• Goal of the exercise
Leaving out every picture, copy the lines of the data exactly, from the first through the line containing "Organic-shaped red beads".
**** Input data ****
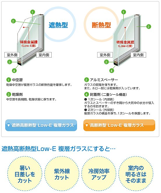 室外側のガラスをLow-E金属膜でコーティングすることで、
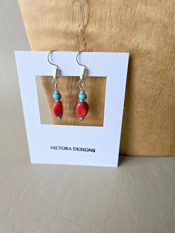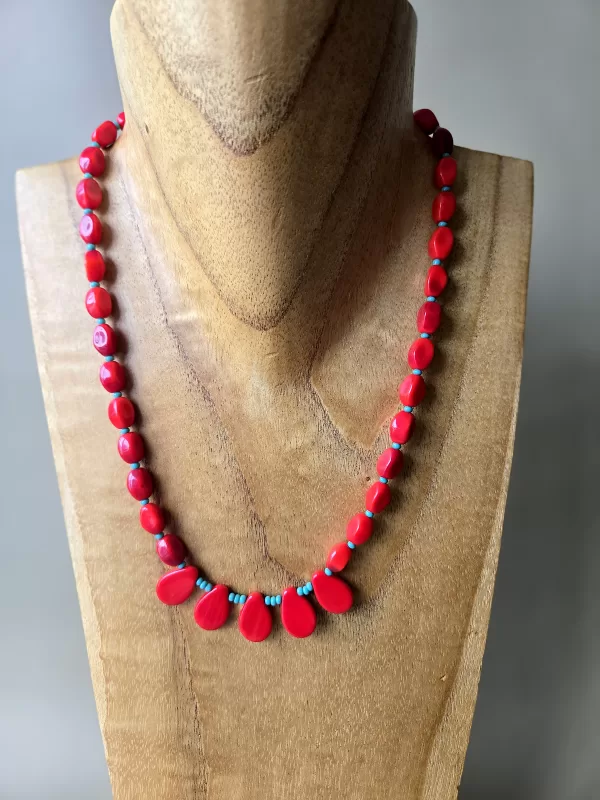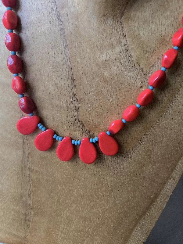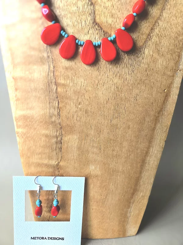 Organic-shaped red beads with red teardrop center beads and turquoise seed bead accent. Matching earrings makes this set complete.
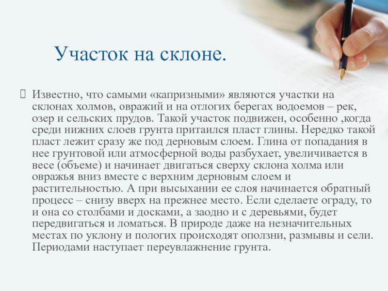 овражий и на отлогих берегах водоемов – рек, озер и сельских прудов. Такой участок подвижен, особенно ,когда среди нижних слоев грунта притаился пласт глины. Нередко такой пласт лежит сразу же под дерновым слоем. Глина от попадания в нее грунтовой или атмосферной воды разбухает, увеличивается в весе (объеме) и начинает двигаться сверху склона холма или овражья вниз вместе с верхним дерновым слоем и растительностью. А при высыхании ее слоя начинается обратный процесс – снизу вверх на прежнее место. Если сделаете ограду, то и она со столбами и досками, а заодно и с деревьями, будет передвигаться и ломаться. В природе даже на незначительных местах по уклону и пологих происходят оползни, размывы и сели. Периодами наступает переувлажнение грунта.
****
• Solution to this task
 室外側のガラスをLow-E金属膜でコーティングすることで、
 Organic-shaped red beads with red teardrop center beads and turquoise seed bead accent. Matching earrings makes this set complete.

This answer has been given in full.